Firm expects big boost from its regeneration arm as tightening margins and £15m writedown drag down profit

The Curve, Slough

Morgan Sindall has insisted it is on track to return to growth and greater profitability, after tightening margins and a £15m writedown due to problem jobs more than halved its profit last year.

In its results for the year to 31 December 2013, published this week, Morgan Sindall’s group profit fell dramatically, with pre-tax profit down 59% to £13.9m, and operating profit down 54% to £16.2m.

The fall in profit was due to tightening margins across the group and a £14.7m provision made for costs related to four problem jobs, which sent the firm’s construction business into the red (see box below).

But even stripping out the £14.7m in exceptional items along with £5.2m in other finance costs, the group’s profit still took a sharp dip, with adjusted pre-tax profit down 34% to £31.3m.

However, revenue across the group remained stable, up 2% on last year to £2.1bn.

Speaking to Building, Morgan Sindall chief executive John Morgan said 2013 had been a “difficult year”, with competitive pressures impacting on margins.

In the construction business, the operating margin, adjusted to take into account the £14.7m provision, contracted from 1.7% last year to 1%, with its adjusted operating profit down 36% to £12.7m. The margin also contracted in the affordable housing business, down from 3% last year to 2.3%, with operating profit down 25% to £8.6m.

Only in the fit-out business did the margin hold up, remaining stable at 2.6% (see box).

Morgan said he expected improvement in the firm’s margins this year, though cautioned that cost inflation would impact on profitability going forward.

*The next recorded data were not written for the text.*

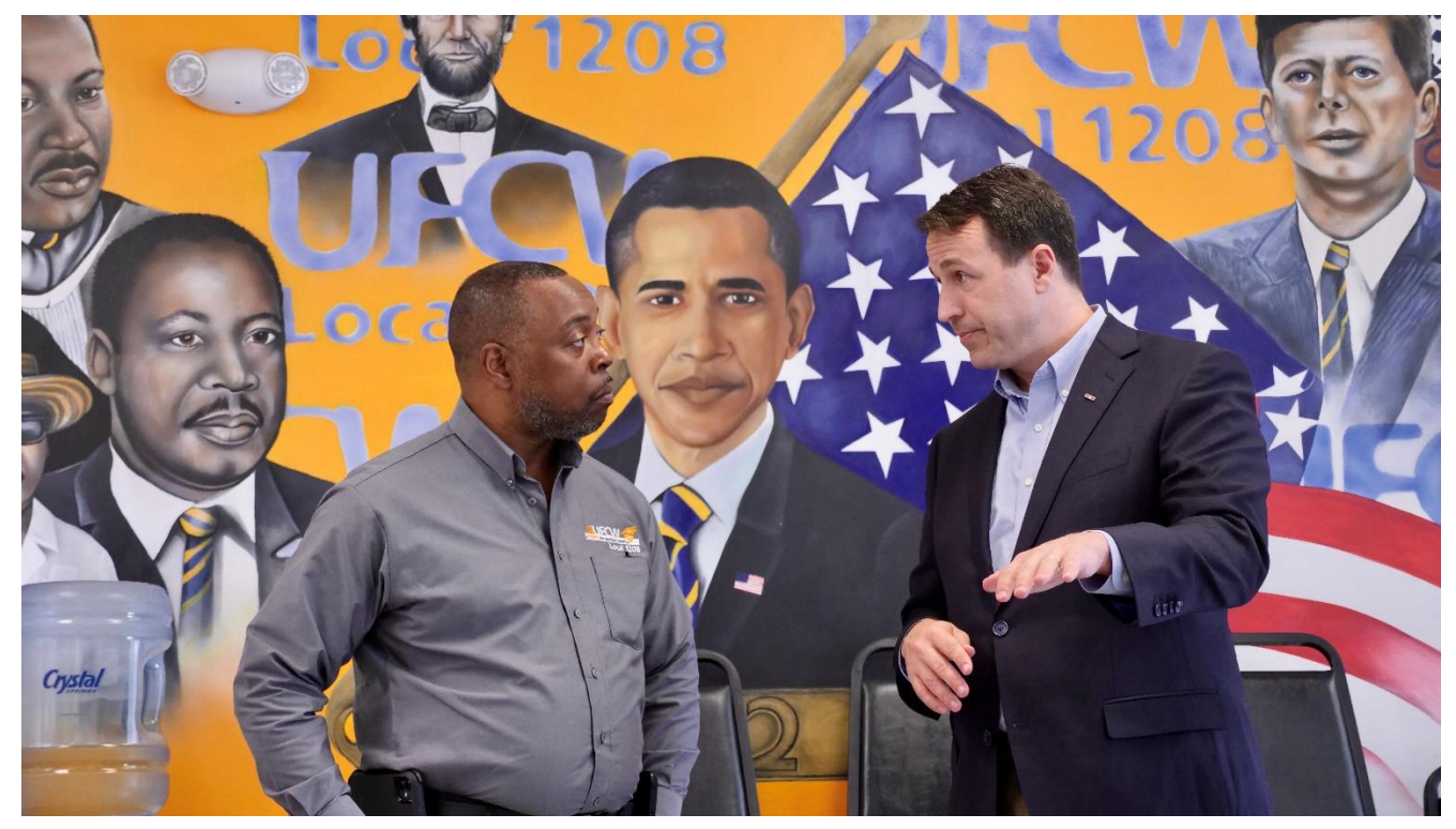
CAL CUNNINGHAM – A CANDIDATE IN CONSTANT MOTION!

US Senate candidate Cal Cunningham is busily traveling all over the state to deliver his message to as many voters as possible.
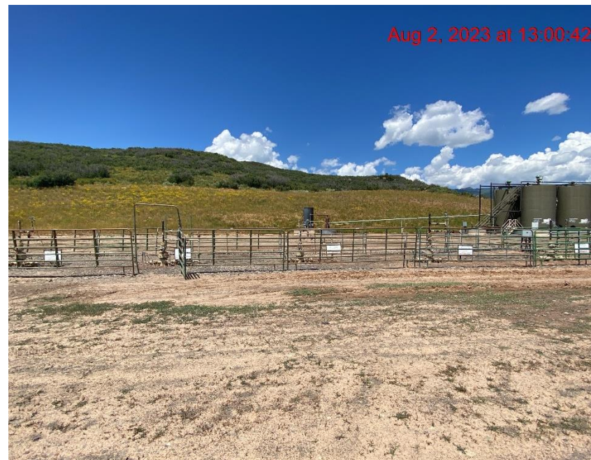
Wellheads – Photo #05399
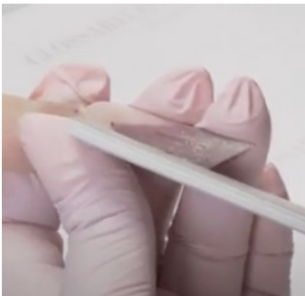
8 File the side grooves straight.
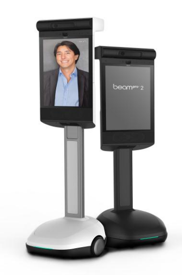
Fig 4 Telepresence Robot

• By making two or more than two on the basis of the population they can fit telepresence robot and maintaining them well. So on emerging Condition, we can save the life.
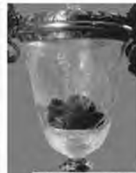
Relic of the wine which was transformed into Blood
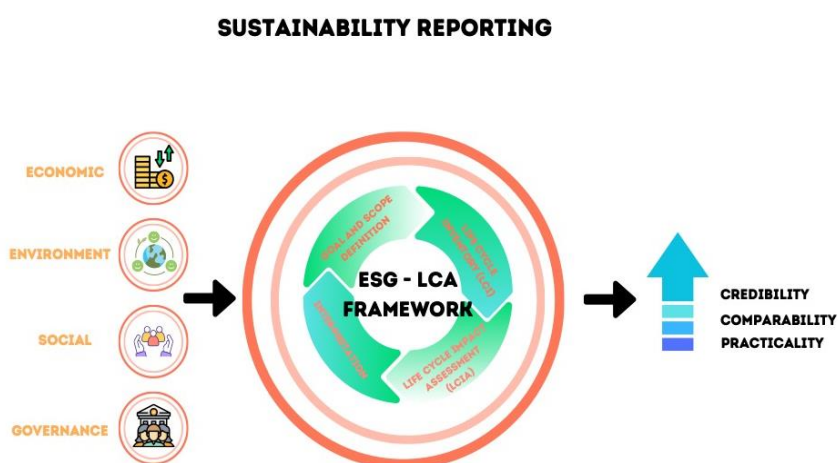
Figure 1: ESG-LCA Framework for sustainability reporting

Figure 1 illustrates the ESG-LCA framework, which integrates economic, environmental, social, and governance dimensions into Life Cycle Assessment (LCA) to enhance sustainability reporting in terms of credibility, comparability, and practicality. This framework adheres to the ISO (2006) standards and includes the four main components: Goal and Scope Definition, Life Cycle Inventory (LCI), Life Cycle Impact Assessment (LCIA), and Interpretation Phase.
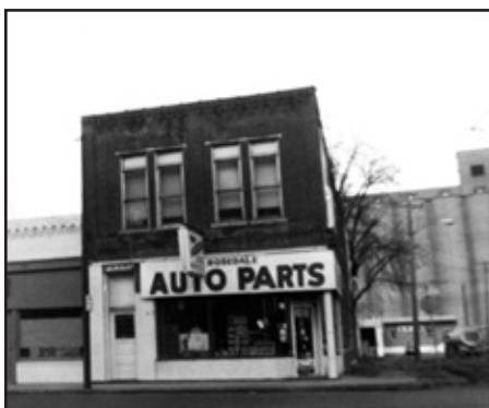
The Auto Parts building at 1000 Southwest Boulevard was the Rosedale Post Office from 1889 to 1910. The building in the photograph no longer is standing.
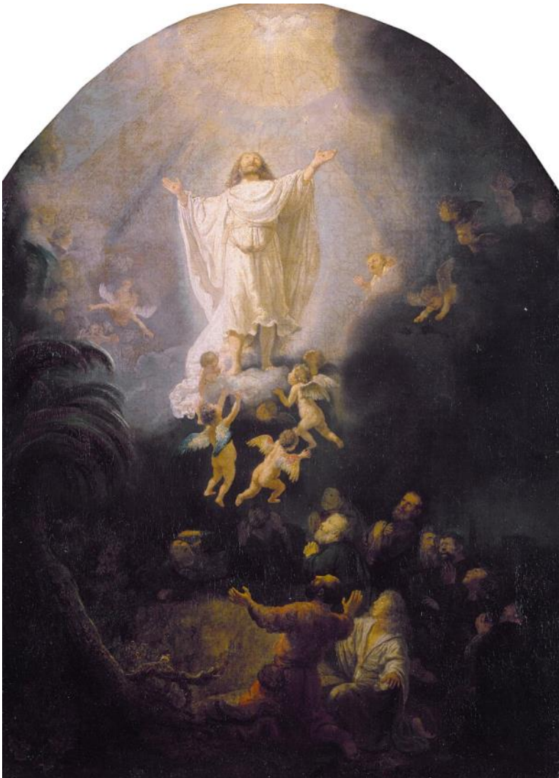
The Ascension by Rembrandt, 1636. (Bavarian State Painting Collections, Munich, Germany.)

This is eternal life, that we may know you, the only true God, and Jesus Christ whom you have sent. John 17.3

He said: “There are signs of life in the construction market, including outside of London, but the supply chain is putting its prices up.

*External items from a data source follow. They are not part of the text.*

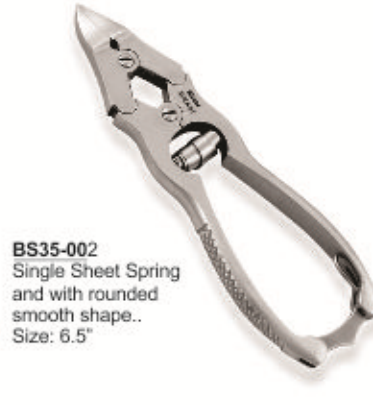
BS35-002 Single Sheet Spring and with rounded smooth shape.. Size: 6.5"
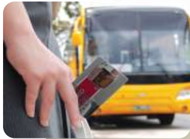
Automatic Fare Collection
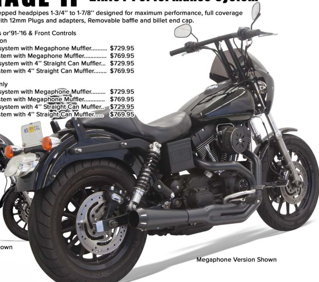
Megaphone Version Shown
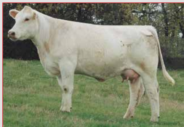
M6 Ms E46'S Duke 248
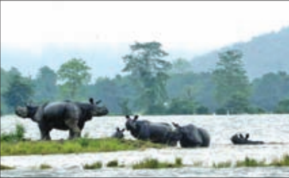
One-horned rhinos take shelter on higher ground at flooded Kaziranga national park in northeastern Indian state of Assam, on 11 July, 2017.

BANGKOK — Thai Prime Minister Prayut Chan-ocha said on Tuesday his government has approved the start of construction of a $5 billion high-speed train project, to be developed by China. Speaking at press conference, Prayut said construction of the rail link between Bangkok to the northeastern province of Nakhon Ratchasima, a distance of more than 250 kilometres, will start later this year and is scheduled for completion in 2021. It will cost an estimated 179 billion baht (around $5.1 billion). The government hopes to eventually extend the high-speed railway by some 350 km to Nong Khai Province, opposite Laos, in the hope of boosting cross-border trade volume and turning
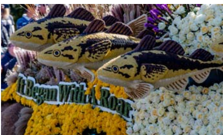
A trio of flowerfish
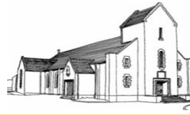
Holy Name, Oakley

Open from 12-4pm on 17 th September , Holy Name (designed in 1958 in an early Scottish style and consecrated in 1965) has a small museum and outstanding stained-glass windows designed by Gabriel Loire of Chartres.
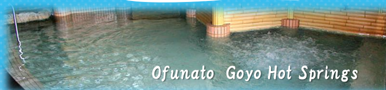
Ofunato Goyo Hot Springs

※If it is not possible to board due to bad weather, we will pick lavender and do crafts.
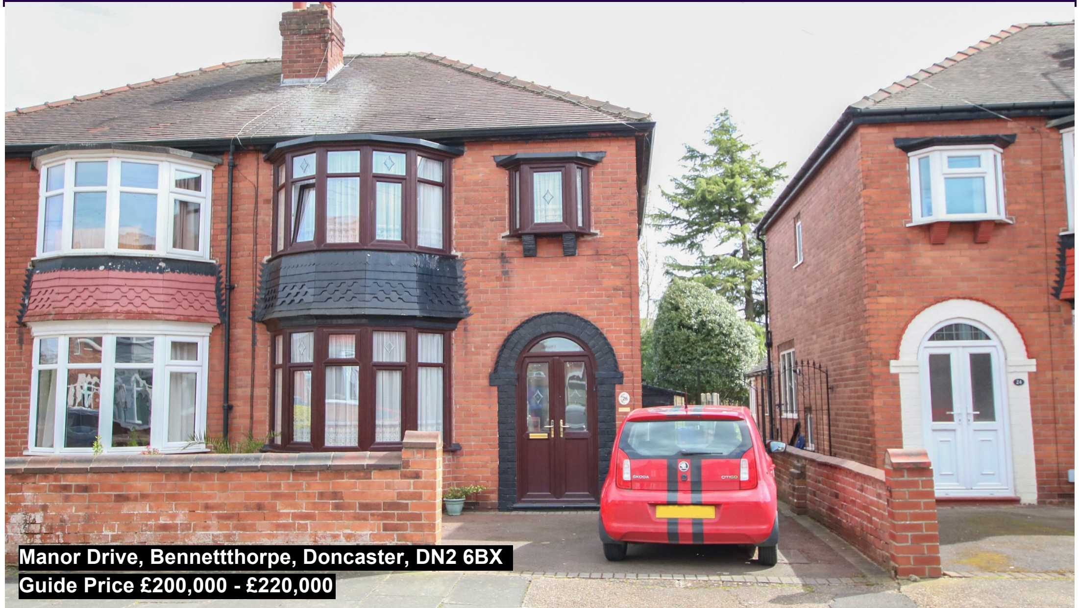
Manor Drive, Bennetthorpe, Doncaster, DN2 6BX Guide Price £200,000 - £220,000
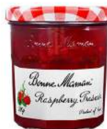
Raspberry Jam 370g
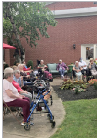
Having fun in the courtyard! It's so nice to be able to listen to live music again.

“We would hope for an improvement, rather than a huge jump in margins.

“Tender prices are rising significantly, so that is the light at the end of the tunnel - and that is enough to offset the rise in prices on the current jobs - but the difficulty is on the jobs you won a year or so ago if they’re not completely subcontracted out.”

However, Morgan said the firm was on track to “reap the rewards” for its “hard work” during the economic downturn, with a boost expected from its regeneration business, where Morgan Sindall has a development pipeline of large-scale projects worth £3bn, including a £1bn regeneration project in Slough, called The Curve (pictured).

He said: “In the last five years we’ve spent a lot of money on regeneration, which would’ve depressed our profits, but we now have something really serious going forward.”

The regeneration business posted an operating loss of £1m last year, but Steve Crummett, Morgan Sindall finance director, said the firm now expected significantly increased profit from the business as the long-term regeneration schemes began to be built out.

“You can see a clear path over the next five years in the regeneration business. We’re on the cusp of reaping the benefits of all the good work that has gone in over the last five years.”

 


Morgan Sindall 2013 results

Group
Revenue: £2.1bn (+2%)
Pre-tax profit: £13.9m (-59%)
Order book: £2.4bn (+8%)

Construction and infrastructure
Revenue: £1.2bn (+6%)
Operating profit: -£2m
Adjusted operating profit*: £12.7m
Margin: 1% (2012: 1.7%)
* after £14.7m in exceptional items

Fit-out
Revenue: £427m (-2%)
Operating profit: £10.9m (-4%)
Margin: 2.6% (2012: 2.6%)

Affordable housing
Revenue: £381m (-1%)
Operating profit: £8.6m (-25%)
Margin: 2.3% (2012: 3%)

 


Problem jobs are ‘very old’

The problem jobs that forced Morgan Sindall to write off nearly £15m in its latest results are linked to the firm’s acquisition of Amec’s construction business, Building understands.

In its full-year results published this week Morgan Sindall said it had made a £14.7m provision for costs related to four problem contracts, which saw the firm’s construction business post a £2m operating loss for the year.

Morgan Sindall said the jobs were “historic” with issues relating to two of the jobs now resolved, but the remaining two were still outstanding.

Speaking to Building this week, Morgan Sindall chief executive John Morgan said the jobs were “very old” but declined to comment further.

However, it is understood that the jobs are contracts inherited by Morgan Sindall when it made the acquisition of Amec’s construction business in 2007.

Morgan Sindall bought Amec’s construction business and development arm for £26m in 2007.

In its 2008 accounts Morgan Sindall wrote down the value of the acquisition by £60.5m to account for liabilities attached to the Amec construction business.

This week, Morgan said he had no regrets about the Amec acquisition, saying it had doubled the size of the Morgan Sindall business and made the firm a real player in the regeneration sector, which is now a key part of Morgan Sindall’s strategy.

He said: “We didn’t have to go to the market for any more money, so it didn’t dilute existing shareholders interests. It’s not been completely plain sailing but no acquisition is, and we’re now in a different space.”